> [Exercise] Each entry is to be given again word for word; images are dropped.

━━━ Material for the task ━━━

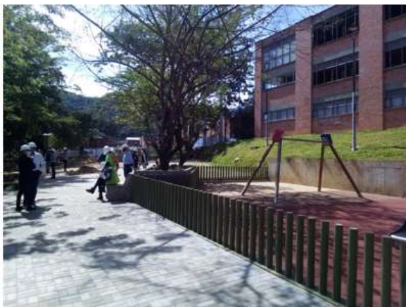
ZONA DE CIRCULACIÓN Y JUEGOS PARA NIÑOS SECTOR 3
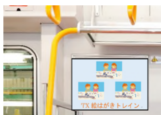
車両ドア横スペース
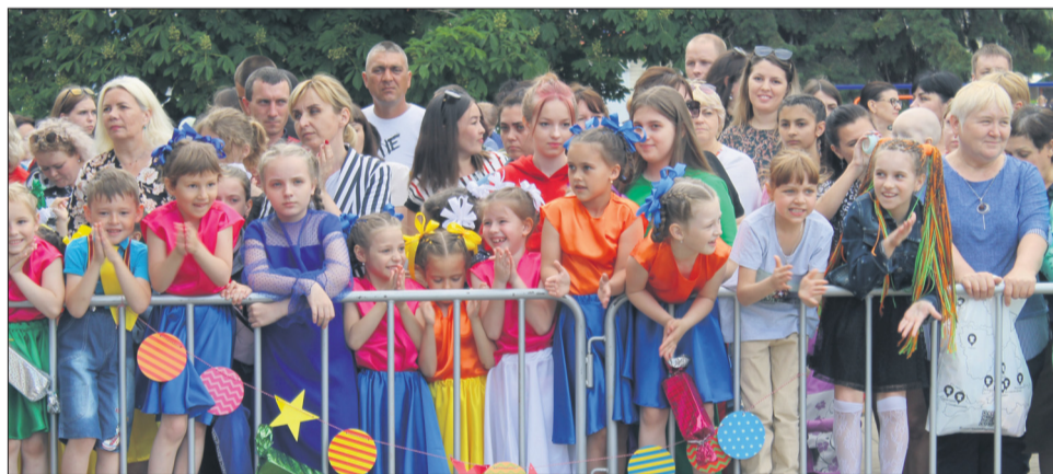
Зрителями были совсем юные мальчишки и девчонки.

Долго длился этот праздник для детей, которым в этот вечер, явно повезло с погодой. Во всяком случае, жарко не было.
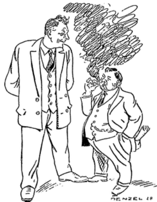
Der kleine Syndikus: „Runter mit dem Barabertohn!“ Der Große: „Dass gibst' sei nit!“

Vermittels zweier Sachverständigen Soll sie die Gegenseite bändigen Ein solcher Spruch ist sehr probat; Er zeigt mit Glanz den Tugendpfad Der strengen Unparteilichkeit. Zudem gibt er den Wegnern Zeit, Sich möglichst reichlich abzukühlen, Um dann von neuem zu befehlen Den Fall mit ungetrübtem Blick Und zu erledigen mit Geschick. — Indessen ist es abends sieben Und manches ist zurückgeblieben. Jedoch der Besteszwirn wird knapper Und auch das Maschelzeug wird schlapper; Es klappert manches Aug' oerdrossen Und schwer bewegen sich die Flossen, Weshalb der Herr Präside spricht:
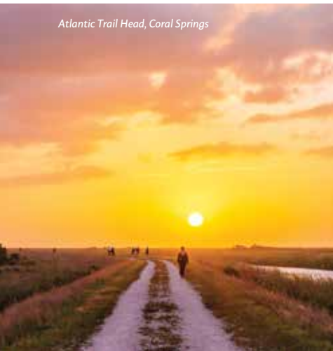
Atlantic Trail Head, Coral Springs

━━━

> [Answer section]
ZONA DE CIRCULACIÓN Y JUEGOS PARA NIÑOS SECTOR 3
車両ドア横スペース
Зрителями были совсем юные мальчишки и девчонки.

Долго длился этот праздник для детей, которым в этот вечер, явно повезло с погодой. Во всяком случае, жарко не было.
Der kleine Syndikus: „Runter mit dem Barabertohn!“ Der Große: „Dass gibst' sei nit!“

Vermittels zweier Sachverständigen Soll sie die Gegenseite bändigen Ein solcher Spruch ist sehr probat; Er zeigt mit Glanz den Tugendpfad Der strengen Unparteilichkeit. Zudem gibt er den Wegnern Zeit, Sich möglichst reichlich abzukühlen, Um dann von neuem zu befehlen Den Fall mit ungetrübtem Blick Und zu erledigen mit Geschick. — Indessen ist es abends sieben Und manches ist zurückgeblieben. Jedoch der Besteszwirn wird knapper Und auch das Maschelzeug wird schlapper; Es klappert manches Aug' oerdrossen Und schwer bewegen sich die Flossen, Weshalb der Herr Präside spricht:
Atlantic Trail Head, Coral Springs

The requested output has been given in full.